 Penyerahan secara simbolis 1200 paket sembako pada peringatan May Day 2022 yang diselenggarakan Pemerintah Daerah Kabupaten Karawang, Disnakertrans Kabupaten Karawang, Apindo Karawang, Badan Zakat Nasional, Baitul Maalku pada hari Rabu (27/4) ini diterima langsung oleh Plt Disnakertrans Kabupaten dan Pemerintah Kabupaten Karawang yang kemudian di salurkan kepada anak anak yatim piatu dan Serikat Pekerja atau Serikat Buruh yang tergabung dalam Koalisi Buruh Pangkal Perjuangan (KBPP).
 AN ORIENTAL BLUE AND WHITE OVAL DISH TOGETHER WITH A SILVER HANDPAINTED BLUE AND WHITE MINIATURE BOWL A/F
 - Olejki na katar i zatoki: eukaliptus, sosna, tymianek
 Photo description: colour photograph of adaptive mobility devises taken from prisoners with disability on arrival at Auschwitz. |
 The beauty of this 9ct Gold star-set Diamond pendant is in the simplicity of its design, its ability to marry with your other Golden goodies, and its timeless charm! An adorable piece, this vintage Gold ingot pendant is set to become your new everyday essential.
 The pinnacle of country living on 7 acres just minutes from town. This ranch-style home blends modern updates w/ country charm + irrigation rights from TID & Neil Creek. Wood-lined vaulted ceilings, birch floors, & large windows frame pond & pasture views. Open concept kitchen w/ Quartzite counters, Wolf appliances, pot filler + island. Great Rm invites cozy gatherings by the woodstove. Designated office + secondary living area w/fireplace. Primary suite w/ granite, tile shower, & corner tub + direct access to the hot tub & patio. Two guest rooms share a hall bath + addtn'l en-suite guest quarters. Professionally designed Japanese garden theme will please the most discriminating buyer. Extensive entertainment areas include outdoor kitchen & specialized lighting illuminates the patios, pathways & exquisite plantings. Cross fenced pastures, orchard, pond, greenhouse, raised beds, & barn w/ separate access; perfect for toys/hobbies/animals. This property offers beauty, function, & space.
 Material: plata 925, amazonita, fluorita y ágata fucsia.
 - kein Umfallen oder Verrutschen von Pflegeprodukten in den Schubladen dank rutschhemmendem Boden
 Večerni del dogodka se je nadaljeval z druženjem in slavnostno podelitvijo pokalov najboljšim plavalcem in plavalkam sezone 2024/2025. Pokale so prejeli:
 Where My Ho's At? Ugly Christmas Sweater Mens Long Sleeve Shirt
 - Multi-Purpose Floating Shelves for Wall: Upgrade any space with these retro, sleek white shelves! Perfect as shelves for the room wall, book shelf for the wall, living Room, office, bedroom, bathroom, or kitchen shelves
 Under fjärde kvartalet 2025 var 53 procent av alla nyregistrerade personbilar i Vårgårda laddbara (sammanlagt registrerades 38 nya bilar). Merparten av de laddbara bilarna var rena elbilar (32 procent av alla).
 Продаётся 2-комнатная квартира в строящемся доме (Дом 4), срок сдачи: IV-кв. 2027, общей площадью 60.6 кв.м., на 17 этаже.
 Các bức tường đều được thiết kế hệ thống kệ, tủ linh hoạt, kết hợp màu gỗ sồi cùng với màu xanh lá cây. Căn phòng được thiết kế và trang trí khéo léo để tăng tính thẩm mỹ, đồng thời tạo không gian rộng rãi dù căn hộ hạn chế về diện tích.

Work to complete: Repeat exactly the lines of the listing above, from the one with "Material: plata 925, amazonita, fluorita" down to the one with "Where My Ho's"; both of those lines belong in the range.

Output below:
 Material: plata 925, amazonita, fluorita y ágata fucsia.
 - kein Umfallen oder Verrutschen von Pflegeprodukten in den Schubladen dank rutschhemmendem Boden
 Večerni del dogodka se je nadaljeval z druženjem in slavnostno podelitvijo pokalov najboljšim plavalcem in plavalkam sezone 2024/2025. Pokale so prejeli:
 Where My Ho's At? Ugly Christmas Sweater Mens Long Sleeve Shirt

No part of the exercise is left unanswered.